=== Section Start ===

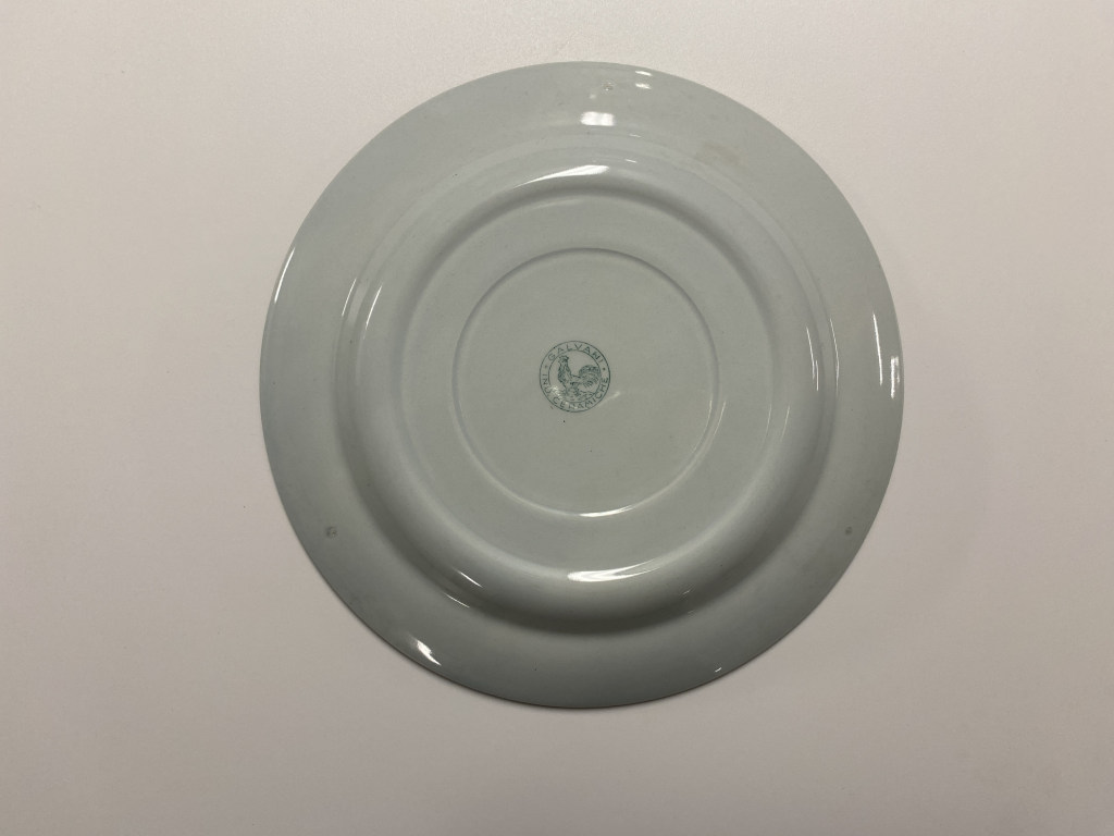 Piatto con orlo filettato e decoro floreale a pennello e tampone tra cavetto e ala; policromo su fondo bianco. Sul retro marchio di fabbrica timbrato
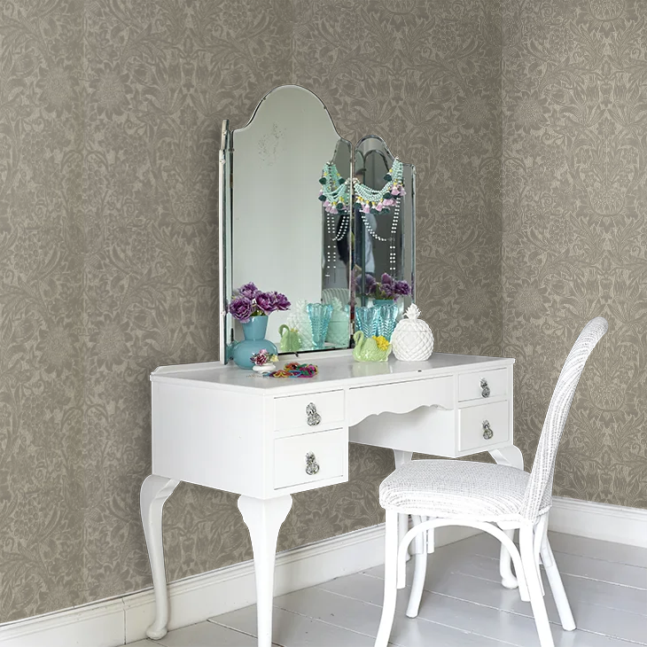 Sunflower Wallpaper by William Morris is a classic illustration of fine style that never goes out of date. 'Compton' was designed by John Henry Dearle in 1895 specially for Compton Hall in Wolverhampton. The original design required two sets of wood blocks to print all 28 colours, owing to the large vertical repeating pattern but has since been scaled down and adapted for a wider audience. This wallpaper that has been kicking around for well over a hundred years now is still a style icon.
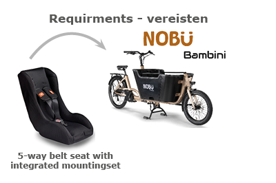 • BAKFIETS: 5 punts NOBU BAMBINI bevestigingsset (uitsluitend icm een stoel met geïntegreerde bevestiging)
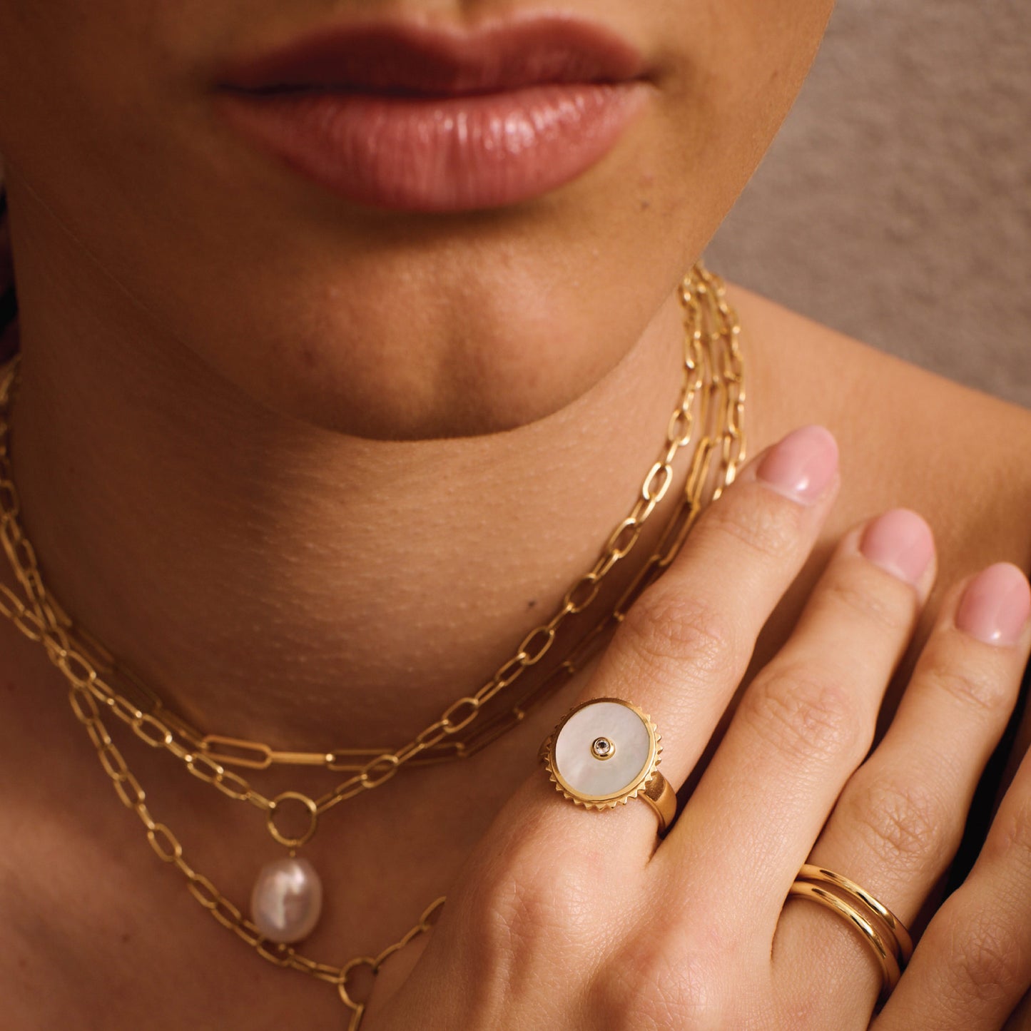 The Shield ring features stones of Mother of Pearl and White Topaz. Mother of Pearl protects the wearer from harmful energy, while White Topaz helps the wearer focus on love and offers clarity for the future. Pearls symbolise wisdom and are valued for their calming effects, helping manifest peace and strength.

=== Section End ===

■ Action item ■
Without the pictures, transcribe the listing above exactly.

■ Written reply ■
 Piatto con orlo filettato e decoro floreale a pennello e tampone tra cavetto e ala; policromo su fondo bianco. Sul retro marchio di fabbrica timbrato
 Sunflower Wallpaper by William Morris is a classic illustration of fine style that never goes out of date. 'Compton' was designed by John Henry Dearle in 1895 specially for Compton Hall in Wolverhampton. The original design required two sets of wood blocks to print all 28 colours, owing to the large vertical repeating pattern but has since been scaled down and adapted for a wider audience. This wallpaper that has been kicking around for well over a hundred years now is still a style icon.
 • BAKFIETS: 5 punts NOBU BAMBINI bevestigingsset (uitsluitend icm een stoel met geïntegreerde bevestiging)
 The Shield ring features stones of Mother of Pearl and White Topaz. Mother of Pearl protects the wearer from harmful energy, while White Topaz helps the wearer focus on love and offers clarity for the future. Pearls symbolise wisdom and are valued for their calming effects, helping manifest peace and strength.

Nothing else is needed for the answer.